Web publishing is about the content. Deliver the goods. Use whatever is handy.
There are about a thousand ways to build a web app, and most of them work. As
a rule of thumb, the stupidest thing that could possibly work is the best
approach to a new problem. If static HTML works, use static HTML.

The other thing to realize is that you need to learn many approaches. You will
attack problems of many different complexities. You will solve problems that
will take you years, and you will solve problems that should take you minutes.
You will be programming for years and years, so you have plenty of time to
learn some "toy" languages _and_ some "serious" languages and everything in
between.

Here are some exercises. Do them in any order. Do them fast. These are toys,
so don't forget to smile while you're playing with them.

Build the best web page you can using _nothing_ but HTML, CSS, and static
assets. Practice thinking and working like a designer.

Build the best web page you can using only Javascript, HTML, and CSS. Client-
side Javascript for starters. Then look into server-side Javascript.

Build a website the old-school way. Use PHP and MySQL. Bonus points for
skipping the PHP and working directly in C. No frameworks, no Django or Rails,
no OOP.

Write a web _server_ in C. You say you can handle C? Now's your chance! It
doesn't have to be a fancy web server: Write the dumbest web server you can,
serving up HTTP GETs. Once it works, aim some tool like Siege at it and make
it cry bitter tears. Compare its performance to, say, nginx. See if you can
figure out why your web server sucks compared to nginx. See if you can at
least double the throughput of your web server.

Build a site in Drupal. (Shameless plug: www.drupalgardens.com. But don't
forget to export your code, put it on your own server, and install a module or
two just to prove you know how. You're a CS student, after all.)

Build a web app using Rails. Google _Michael Hartl Rails_ for help. Tell him
he owes me a dollar for the plug. ;)

Build a web app using one of the many Lisps. Arc, Racket, Clojure, Common
Lisp, take your pick.

Build a web app in Erlang, Haskell, or Factor.

Meanwhile, and now I'm being totally serious: Learn Emacs, VI, or Textmate.
Learn Git, Bazaar, or Mercurial. Learn to install Linux on a VPN. Learn
regular expressions.
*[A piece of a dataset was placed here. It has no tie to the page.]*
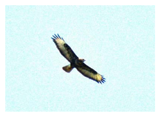
Long-legged Buzzard (record shot)

These things are _not_ toys; these are going to be your
bread and butter.

------
dtwwtd
From one student to another:

The best advice I can give you is to just build _something_.

Pick some small annoyance you have and give yourself a strict timeframe and
then _build_. You'll learn best by coding not reading.

Just pick a language, anyone the ones you mentioned are great. Don't worry
about which is easiest or has the best guides. Just start and when you get
stuck do a Google search for your problem then move on.

Some small ideas to get you started in case you have none: A personal todo
list or a comment system for a website

I hope that helps and good luck!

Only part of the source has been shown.